Moreover, nearly one in three (32%) online adults say the cloud is "a thing of the future," while nearly one in four (22%) admit they've pretended to know what the cloud is or how it works.
Asked to define what "the cloud" is, a plurality (29%) of Americans cited some type of weather-related term (e.g., the sky, or an actual cloud). Only 16% said (correctly) the cloud is a computer network to store, access, and share data from Internet-connected devices.
Moreover, it's not just the name that's puzzling.
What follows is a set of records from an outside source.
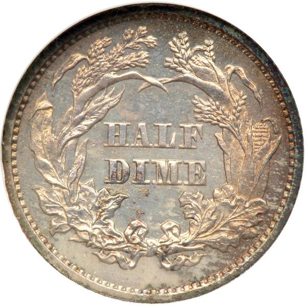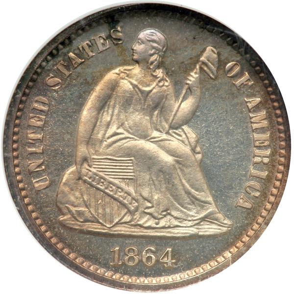 1864 Liberty Seated Half Dime. NGC graded Proof 63. Attractive (and even) gold toning graces this choice example, one of the lowest Proof mintage dates in the series with only 470 Proofs struck. Pop 37.
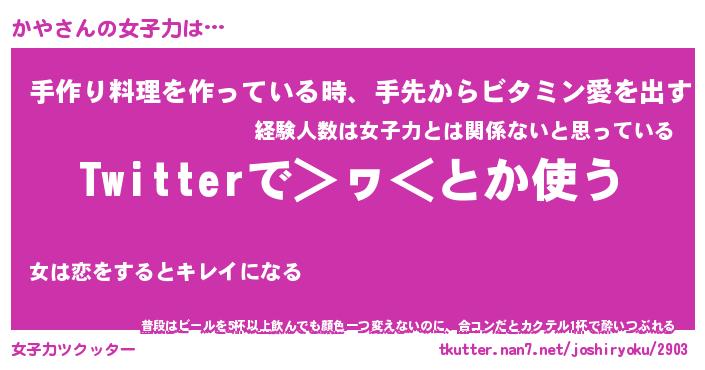 | ファンタジー風あだ名 | 『カヤフェル』『エターナルカヤー』 |
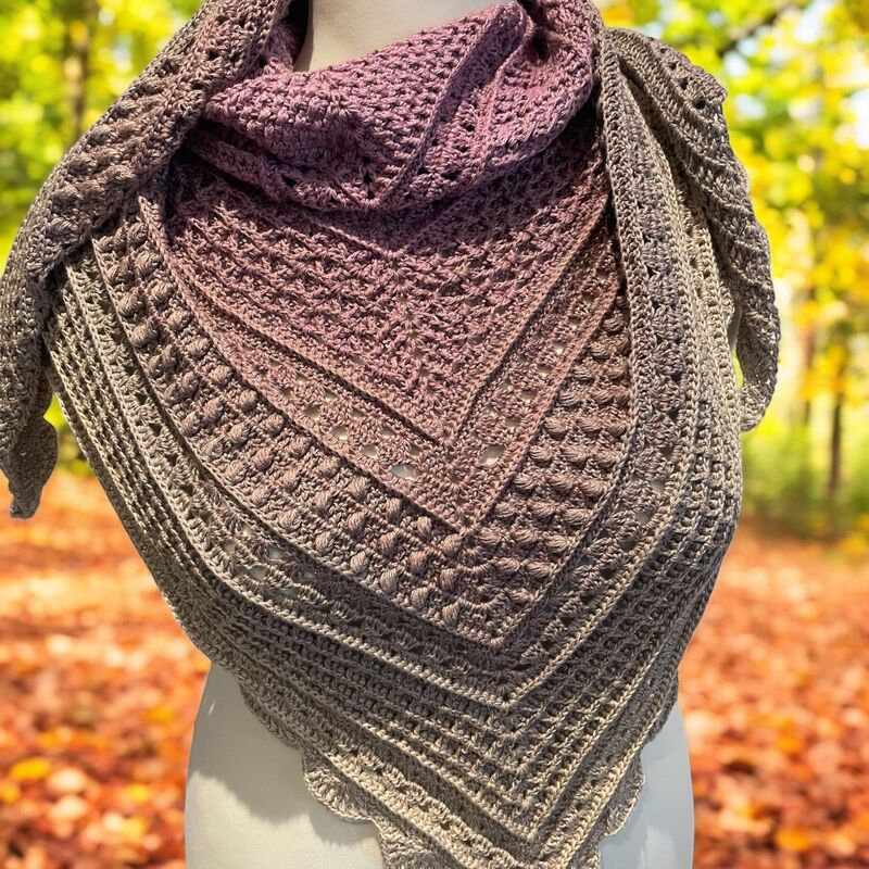 Das fertige Tuch hat eine Größe von etwa 190cm x 70cm. Die Größe kann, je nach Häkelweise, variieren.
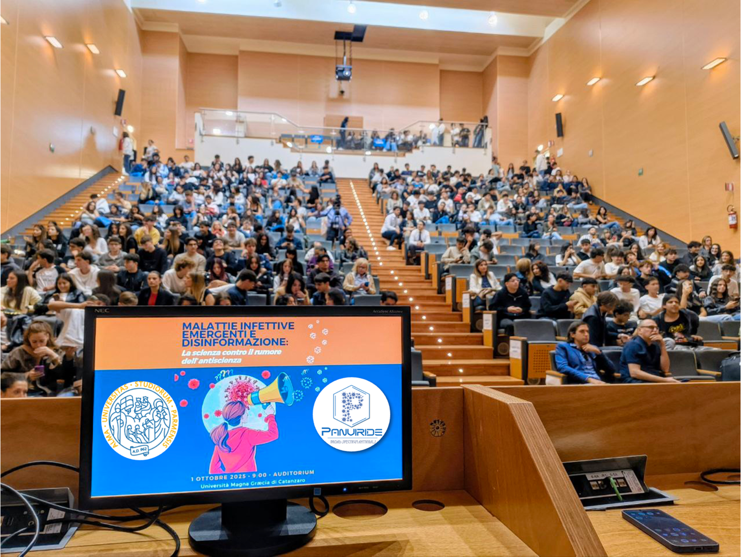 Il 29 e 30 settembre si sono svolti all’Hotel Marechiaro di Gizzeria Lido il meeting scientifico finale del progetto e la prima edizione della Panviride Drug Discovery Conference, ideata per riunire periodicamente i massimi esperti e le massime esperte nel campo della Chimica Farmaceutica antivirale. Agli eventi hanno partecipato oltre 100 ricercatori e ricercatrici e numerosi esperti ed esperte internazionali provenienti da Cina, Repubblica Ceca, Singapore, Belgio, Svizzera e da importanti centri di ricerca italiani. Il 1° ottobre i lavori si sono conclusi all’Auditorium dell’Università Magna Græcia, dove si è svolta l’iniziativa di divulgazione No More Fake News, dedicata alla corretta informazione scientifica e alla lotta alla disinformazione in ambito sanitario. L’appuntamento ha coinvolto oltre 400 studentesse e studenti e le principali società scientifiche nazionali.

Most Americans are also unsure about how the cloud works: 51% said they believe stormy weather interferes with cloud computing:
Even so, most (68%) respondents, after being exposed to the meaning of the cloud, recognized its benefits and cited the following as the cloud's top economic advantages:
- Lower costs: 35%
- Improving consumer engagement for businesses: 35%
- A catalyst for small business growth: 32%
Also, 40% of the Americans surveyed cited the ability to access work information from home in their "birthday suit" as a top advantage of the cloud, while 35% cited the ability to share information with people they'd rather not interact with in person.